I'll do a new pic soon with Phragmipedium andreettae x besseae and a different clone of schlimii :rollhappy:




schlimii, Hanne Popow by osvaldo Rozzo




schlimii, Hanne Popow by osvaldo Rozzo


----------



## JasonG (Dec 31, 2016)

Those are great. Congrats on a couple of fine blooms!

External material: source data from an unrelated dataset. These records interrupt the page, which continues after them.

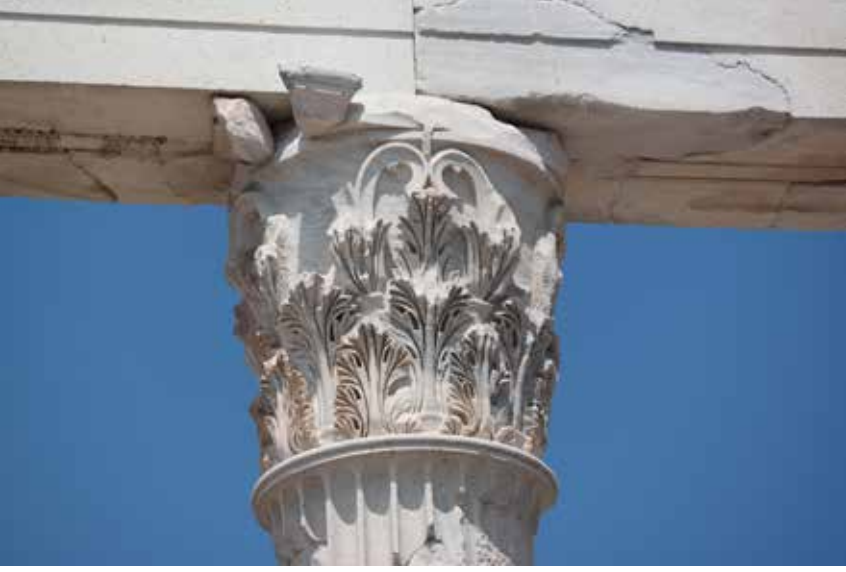
Şekil 8. Pergamon Traianus Tapınağı Korinth başlığı.

reklidir (Şek. 8). Başlıklarda kalathos kuvvetli bir etki vermektedir. Kalathosun üstünü kaplayan iki sıra akanthus yaprakları kalathos yüzeyinden belirgin bir biçimde dışa taşmaktadır. Bu da yapraklardaki plastik etkiyi güçlendirmiştir. 26 Üst sıra akanthus yaprakları alt sıra akanthus yapraklarının arasından yükselmektedir. Akanthus yapraklarının damarlarının daha ince ve derin oyulduğu görülebilmektedir. Yaprak dişlerinin üstlerinin içe doğru güzel bir biçimde oyulması ışık-gölge oyununun etkisini artırmıştır. Kaulisler üst yaprakların arasında küçük birer prizma olarak yerlerini almışlardır. Başlığın üst bölümünde, abakus levhasını taşıyan ve kırık olduğu görülen volütlerin altları derin oyulmuş, heliksler ise kalathos dudağının hemen altında içe doğru geniş bir kavisle kıvrılmıştır. Heliksler de volütler gibi güçlü bir etki bırakmaktadır. Bu derin oymalar başlıktaki ışık-gölge oyunu etkisini artırmaktadır. Kalın olarak işlenmiş olan abakus levhasının altındaki dudak alt kesiminde kalathosun içeriye doğru belli belirsiz bir kavis yapması ile güzel bir biçime sahip olmuştur. 27
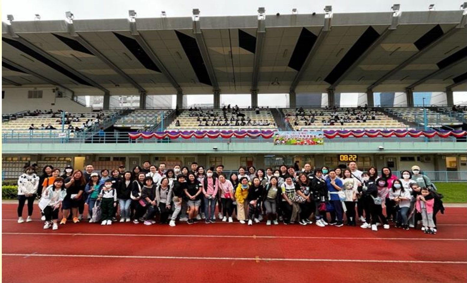
2023年4月4日(星期二)運動會暨親子競技遊戲日家長義工合照
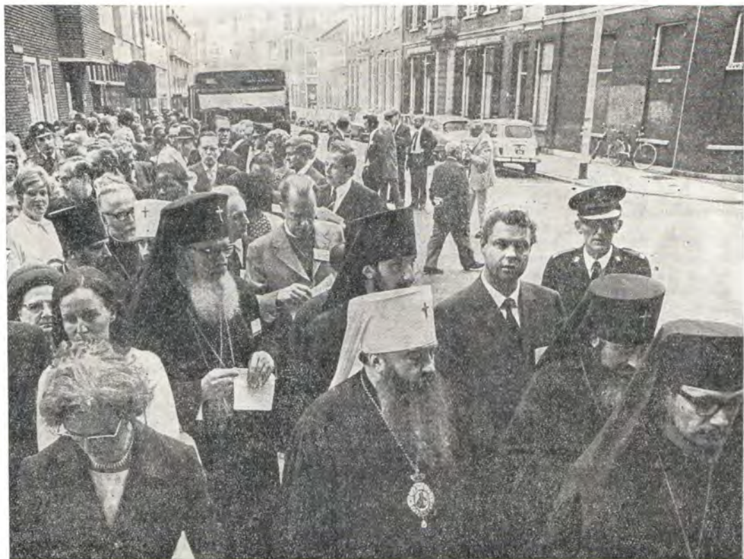
Участники заседания Центрального комитета ВСЦ направляются на экуменическое богослужение перед открытием сессии в воскресенье 13 августа 1972 г.

Другим симптоматичным моментом этого заседания Центрального комитета было признание, хотя и не всеобщее, правоты православных в призыве к неустанному богословским исследованиям для достижения единства в вере и в жизни. Очень важно, что этот призыв исходил прежде всего от лидеров экуменизма. Председатель Исполнительного и Центрального комитетов ВСЦ д-р М. М. Томас в докладе заявил: «Я думаю, что будет более целесообразным сказать несколько слов о различных формах, в которых выразились вопросы о вере и сущность нашего содружества, касающиеся нас, и которые были остро подняты в основной программе деятельности Всемирного Совета за последние два года. Во-первых, я утверждаю, что наша чуткость к проблемам широкого человеческого круга и наше активное участие в этих проблемах — факт для каждого внимательного наблюдателя — побуждают нас вновь открыть веру, которая является основой нашего общего участия... В результате возникает новое сознание потребности выразить нашу общую веру в связи с современными проблемами и участием в них... Совет является «содружеством Церквей», основанным на исповедании Христа и обязывающим их искать вместе выполнение общего при-
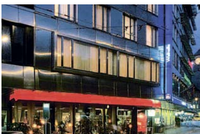
****Hotel Walhalla, St.Gallen Bahnhofplatz, 9000 St.Gallen Tel. 071 228 28 00 www.hotelwalhalla.ch
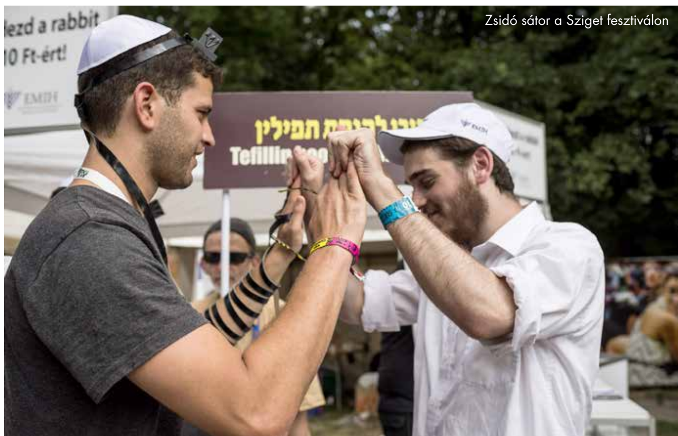
Zsidó sátor a Sziget fesztiválon

Igazából ez a kérdés: ahogy a salzburgi fesztivál nem képzelhető el Mozart nélkül, a zsidó fesztiválok nem a zsidó tartalom tenné egyedivé és különlegessé?
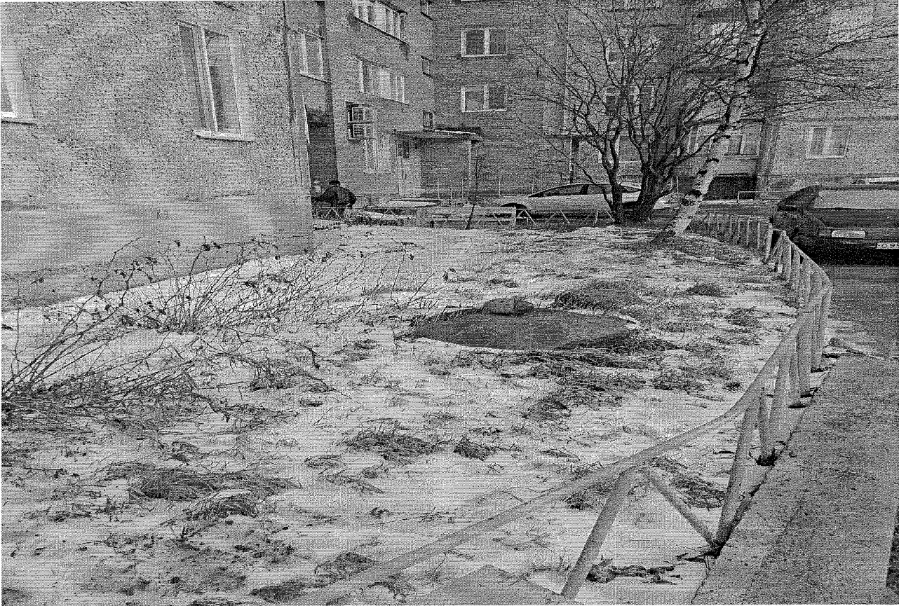
наб. Климентьева, д 15
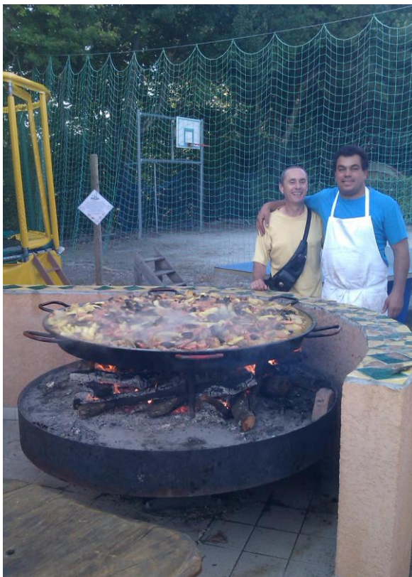
Patrick et la potion magique

noter pour l'an prochain. Mais au final elle s'est quand même régalée. Dans la soirée, direction le camping de Villegly pour une soirée paella histoire de faire le plein de sucres lents.
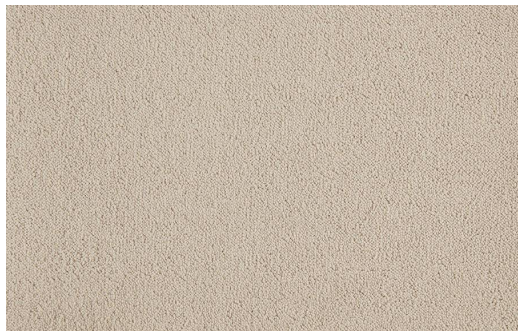
CELESTE 450 SABBIA
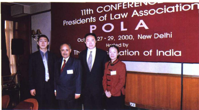
▲ 全国律协副会长于宁(右二)在第八届亚洲国家律协会长会议上与东道主印度律师协会荣誉秘书长巴辛先生合影
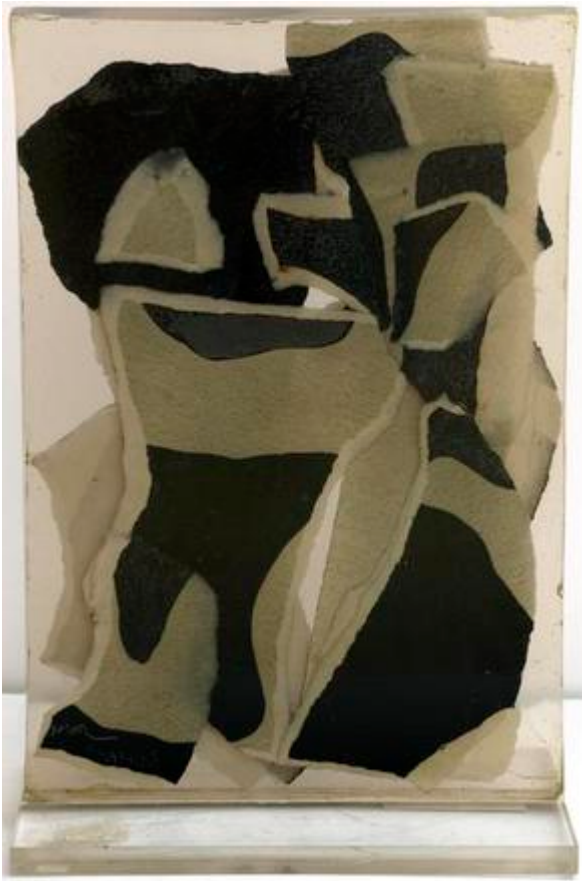
inclusion, Arman et André Verdet, 1965, 60 x 40 x 4 cm, collection du CIAC de Carros

Cette œuvre synthétise les préoccupations des deux artistes dans les années 1960 : les papiers déchirés, piégés dans la résine, proviennent d'une œuvre d'André Verdet, probablement d'une de ses séries intitulée Idoles , sortes de divinités solaires et nocturnes inspirées des rochers de sa Provence. Quant à la résine synthétique qu'utilise Arman, elle lui permet de concrétiser ses interrogations sur l'objet et les rapports qu'entretiennent les sociétés modernes avec lui grâce, notamment, à ses Accumulations .
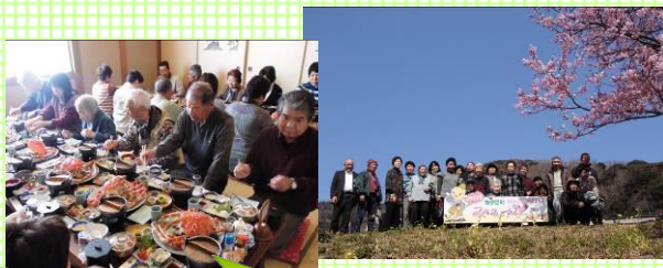
写真は H25 年度バスハイク 河津桜見物と高足が「堪能の旅

1/14(水)佐野厄除け大師詣でとイチゴ狩り(とちおとめ) 3/25(水)春の館山、花と海鮮グルメツアー
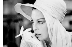
55x73,1cm Ava Gardner en el rodaje de The life and times of Judge Roy Bean (El juez de la horca) . Arizona, 1973
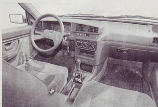
Kokpit: dovolj opremljen, vendar deluje ceneno
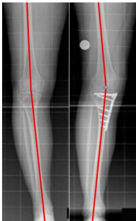
Fig.2: röntgenfotos voor en na correctie van een O-been

Het doel van de operatie is om de pijn te verminderen/weg te nemen en een eventuele toekomstige knieprothese uit te stellen (84% van de patiënten heeft na 9-12 jaar nog geen totale knieprothese nodig). Dit wordt bereikt door de belasting van de versleten zijde van de knie te verminderen. Na de operatie wordt de goede zijde van het gewricht meer belast. Het kan wel een jaar duren voordat het eindresultaat bereikt is. Ongeveer 80% van de patiënten bereikt, ten opzichte van voor de operatie, een vergelijkbaar sportniveau.
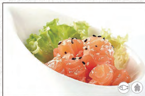
19/ TARTAR DI SALMONE €7,00 (Max 3 porzioni a persona)
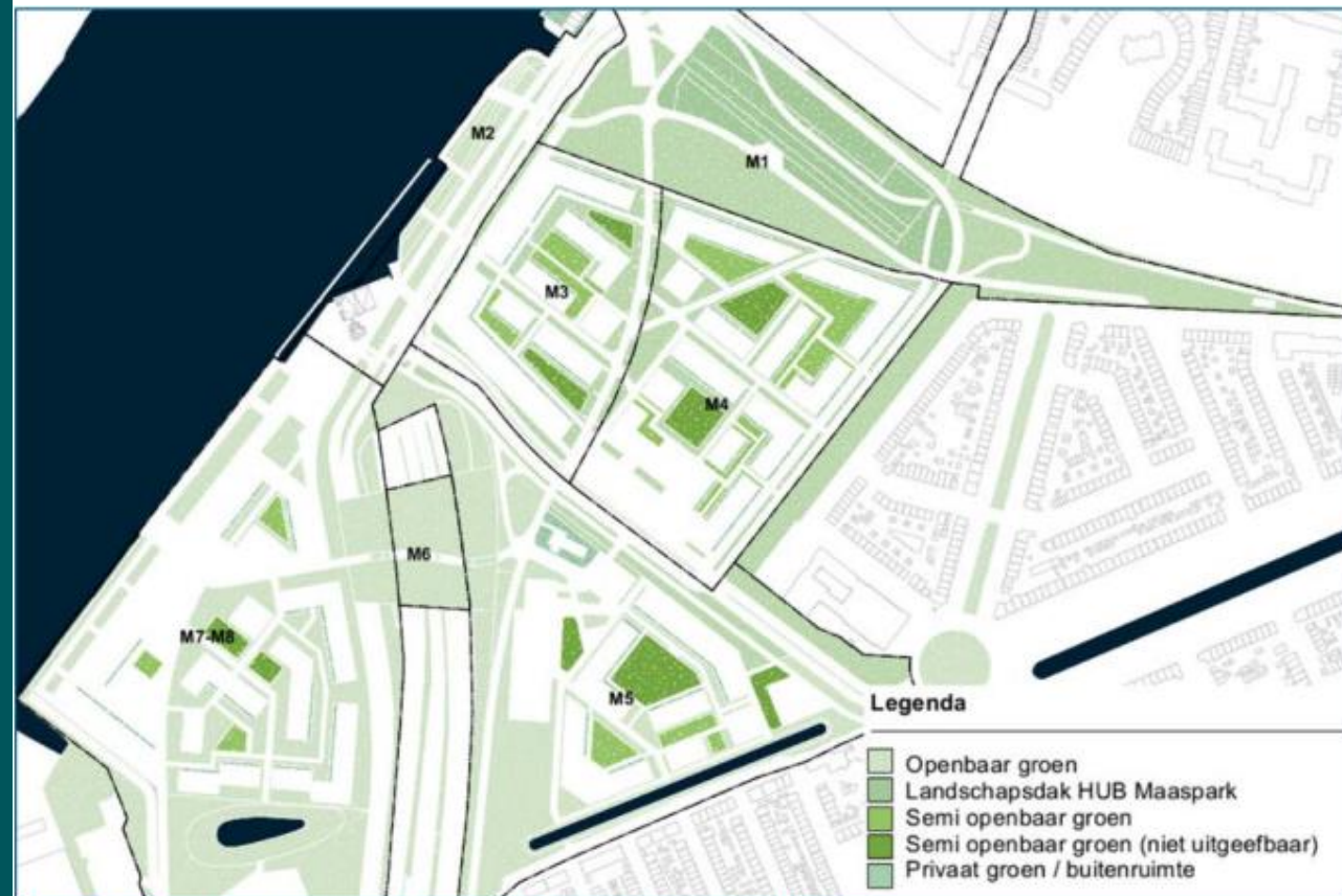
Figuur 16.6 Verdeling van openbare ruimte binnen de deelgebieden

Sent from my iPhone using Tapatalk


----------



## NYEric (Dec 31, 2016)

Nice. Schlimii, Plemont and Hanne Popow?


----------



## fibre (Dec 31, 2016)

Lovely pictures!


----------



## SlipperFan (Dec 31, 2016)

I love them all!


----------



## abax (Jan 1, 2017)

Me Too! They're so dainty and beautiful.


----------



## blondie (Jan 1, 2017)

nice flowers on both of them, im just praying my schlimii is going to flower its but on 6 growths. 
Ive never grown Hanne Popow but seen a few and yours is a very nice flower.


----------



## OrchidIsa (Jan 1, 2017)

Superb! Love them all! :smitten: Beautiful!


----------



## John M (Jan 1, 2017)

Beautiful!


----------



## Erythrone (Jan 1, 2017)

Lovely pics!


----------



## Hamlet (Jan 2, 2017)

Very nice! May I ask where you got the the third one the right from? The one with the bi-coloured petals?


----------



## OR.O (Jan 2, 2017)

it is an Hanne Popow just bloomed


----------



## Migrant13 (Jan 2, 2017)

Fantastic line up.


----------



## Gilda (Jan 3, 2017)

love these petite blooms !


----------



## OR.O (Jan 5, 2017)

schlimii B, Hanne Popow, schlimii A by osvaldo Rozzo

one more schlimii !


----------



## TDT (Jan 6, 2017)

Beauties! Lovely photography too.


----------



## Phrag-Plus (Jan 6, 2017)

Great flowers and gorgeous pictures!


----------



## OR.O (Jan 7, 2017)

thank you guys! i have to buy more besseae and relative hybrids! these are too pink for me


----------



## SlipperFan (Jan 8, 2017)

OR.O said:


> thank you guys! i have to buy more besseae and relative hybrids! these are too pink for me



Send them to me!!!


----------



## Jaljala (Jan 9, 2017)

Such beautiful blooms !
The HP is excellent with the two tones


----------



## eaborne (Jan 11, 2017)

Beautiful!


----------